Donna (Brittany Snow) vuelve un día a casa tras un largo día de trapicheo y se encuentra no la sopa fría, sino a Richard Fenton (Johnathon Schaech), uno de sus profesores en el instituto, que resulta además ser un maníaco asesino obsesionado con ella, por lo que ha matado a su familia. Pasado el tiempo, Donna se prepara para asistir a su baile de fin de curso cuando, sorpresa, Richard se escapa del manicomio, según parece con malas intenciones.

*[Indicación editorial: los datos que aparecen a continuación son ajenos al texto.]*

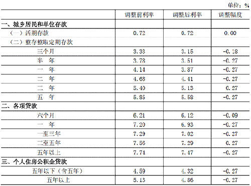 從2008年9月16日起,下調(diào)一年期人民幣貸款基準(zhǔn)利率0.27個百分點,其他期限檔次貸款基準(zhǔn)利率按照短期多調(diào)、長期少調(diào)的原則作相應(yīng)調(diào)整;存款基準(zhǔn)利率保持不變。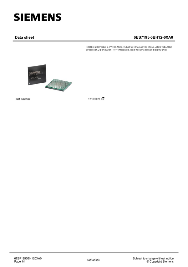 Siemens 6ES71950BH120XA0 6ES7195-0BH12-0XA0 Procesor komunikacyjny PLC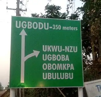 Road signage showing some Olukumi villages, Aniocha North, Delta State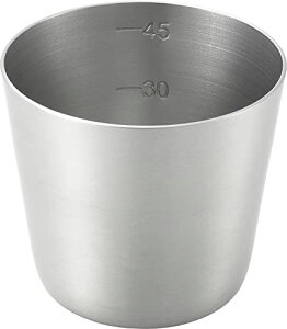 商品名 ジガー 45 商品サイズ 直径56×90mm 上部は直径53mm 商品重量 100g 包装仕様 箱入り 包装サイズ 57×60×95mm 材質 18-8ステンレス鋼 原産地 日本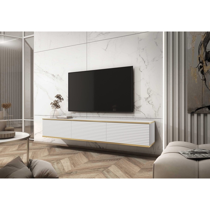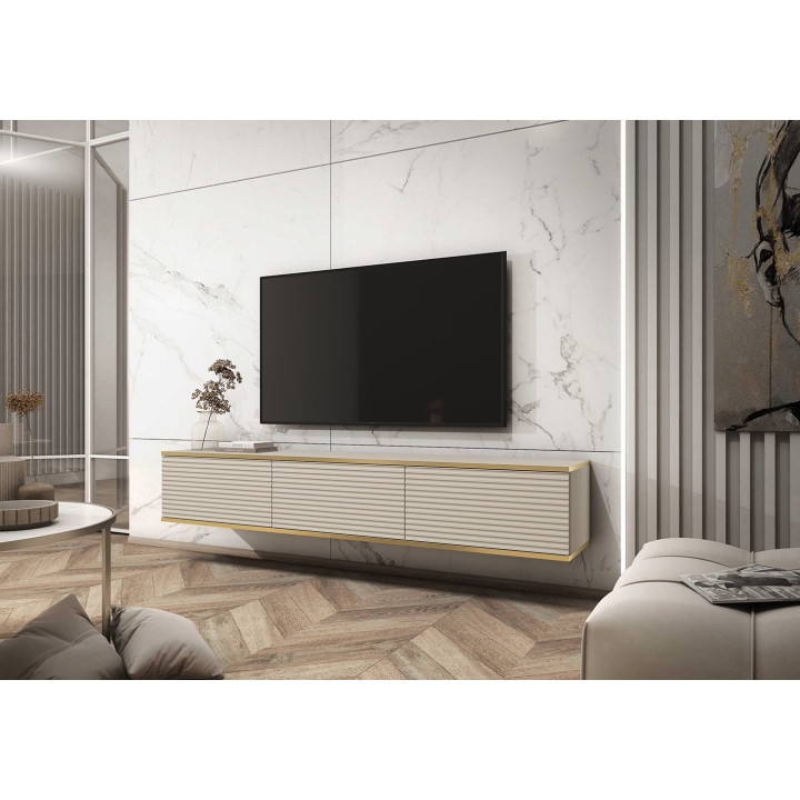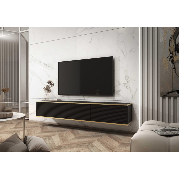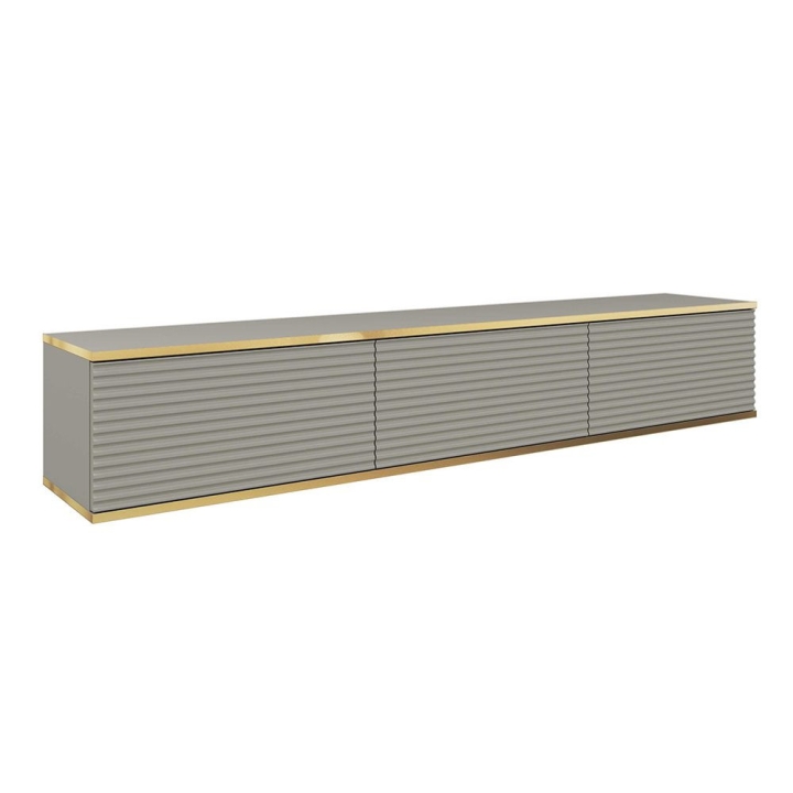 The Oro MDF wall-mounted RTV cabinet is not only practical but also a stylish solution for your living room, available in a diverse colour palette: black, white, beige, grey. With it, you can tailor your choice to your individual tastes. Here are the key product details (175 cm wide, 30 cm high, 32 cm deep). The solid body, made of 16 mm thick laminated board and protected with 0.5 mm ABS edging, guarantees durability and aesthetically pleasing workmanship. The front of the cabinet, also made of 16 mm thick laminated board with 0.5 mm ABS edging, is maintained in a uniform and elegant design. In addition, the Oro MDF RTV cabinet has three practical drawers, making it not only a design element, but also a functional storage space. It is the ideal solution for your RTV equipment and other small items you want to keep close at hand at all times. Available in a variety of colours, you can adapt the cabinet to the character and style of your interior. Ready for functionality, elegance and choice?
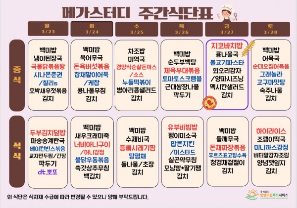 3월 4주차 식단표(3/23~3/28)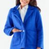 Jacket made of warm, pleasant material fastened with a large elegant button. Its straight cut and square pockets add a chic touch. The jacket is fully lined.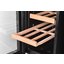 Полки в винных шкафах позволяют размещать бутылки для хранения в горизонтальном положении. Это необходимо, чтобы пробка постоянно смачивалась жидкостью и не пересыхала. Плотно закрытая пробка гарантирует, что внутрь бутылки не проникнет наружный воздух. Кислород, содержащийся в воздухе, может стать причиной ухудшения вкуса вина и даже его скисания. Кроме того, горизонтальное положение позволяет лучше оценить количество осадка. Материал изготовления полок выбирается, исходя из требований, предъявляемых к содержанию коллекции вин. Одним из основных требования является отсутствие или максимальное сокращение вибрации и хорошая фиксация бутылок на месте хранения. Даже если полка выдвигается, бутылки должны оставаться на своем месте. Второе требование исключает применение стеклянных полок, как в обычном холодильнике: на них почти невозможно зафиксировать бутылки.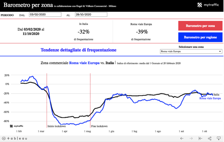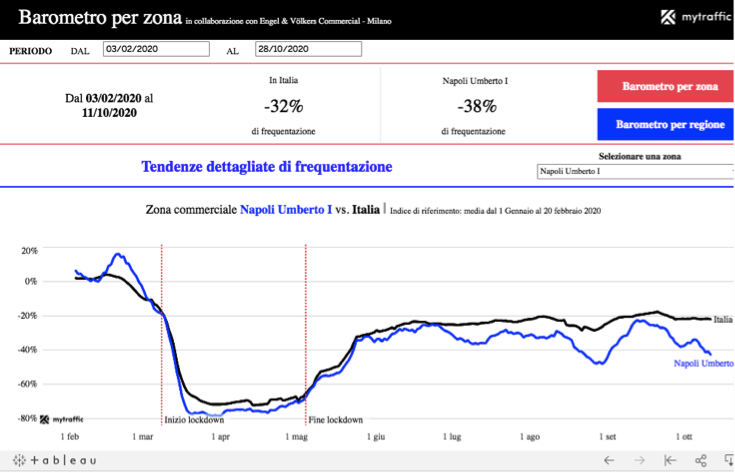 Il traffico pedonale nazionale, infatti, era ripartito nei mesi successivi al blocco di questa primavera con un preoccupante -66% rispetto al periodo precedente la pandemia di COVID-19 ed è risalito al -22% nella prima metà del mese di ottobre.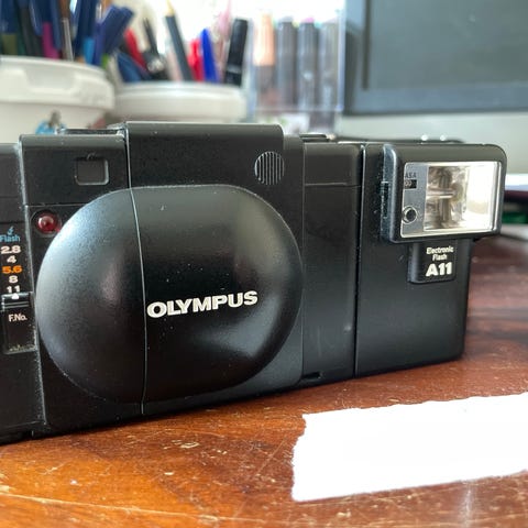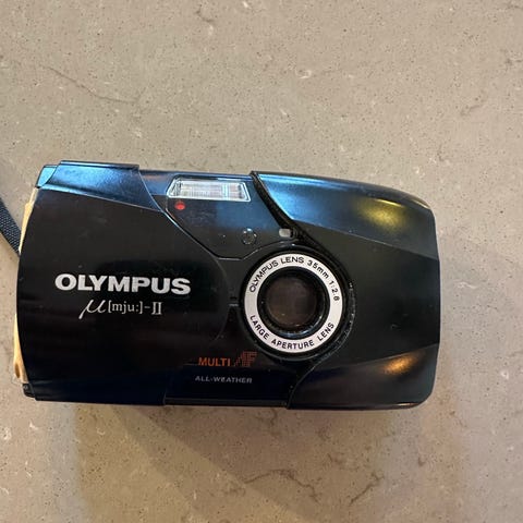 Olympus µ[mju:]-1 kompaktkamera i sort. Analogt 35 mm filmkamera med indbygget blitz og søger. Kamerahuset er kompakt med skydeklap foran objektivet og bagklap til isætning af filmrulle.

Se trata de nuevo de un remake, pero Nelson McCormik ha sido benévolo con la película original y con la audiencia, y su versión no se reduce a una actualización de las tropelías anatómicas del psicópata de turno, que además no se trata del típico genio sobrehumano de la estrategia, cuya venganza es un minucioso plan dentro de una maquinación dentro de un complot rodeado de intriga y envuelto en el engaño para mantener las apariencias del que el protagonista se suele escapar, sin embargo, arreándole en la cabeza con una maceta que se había dejado en la sala. Richard Fenton se comporta de manera "racional" e improvisada, y realmente da la impresión de ser lo que es, un perturbado que se acaba de escapar de un manicomio para consumar su obsesión.
Parece el director mucho más preocupado en mantener la tensión del asesino rondando a los indefensos protagonistas, aunque pocas son las escenas de verdadera emoción, y en general recurre a recursos casi barriobajeros, sueños tremendamente reales de los protagonistas incluidos. Además la película evoluciona hacia un clímax no demasiado satisfactorio por el aspecto apresurado que tiene.
Resulta bastante curiosa la elección de actores; principalmente Scott Porter, que interpreta al novio de la protagonista; señores míos, tiene sus treinta años, y esa no es edad de estar en el instituto, ni siquiera para Jorge Sanz. Brittany Snow no hace un papelón, pero resulta igualmente convincente como superviviente traumatizada que como víctima asustada.
En fin, una película del montón, recomendada para gente que siga en el instituto.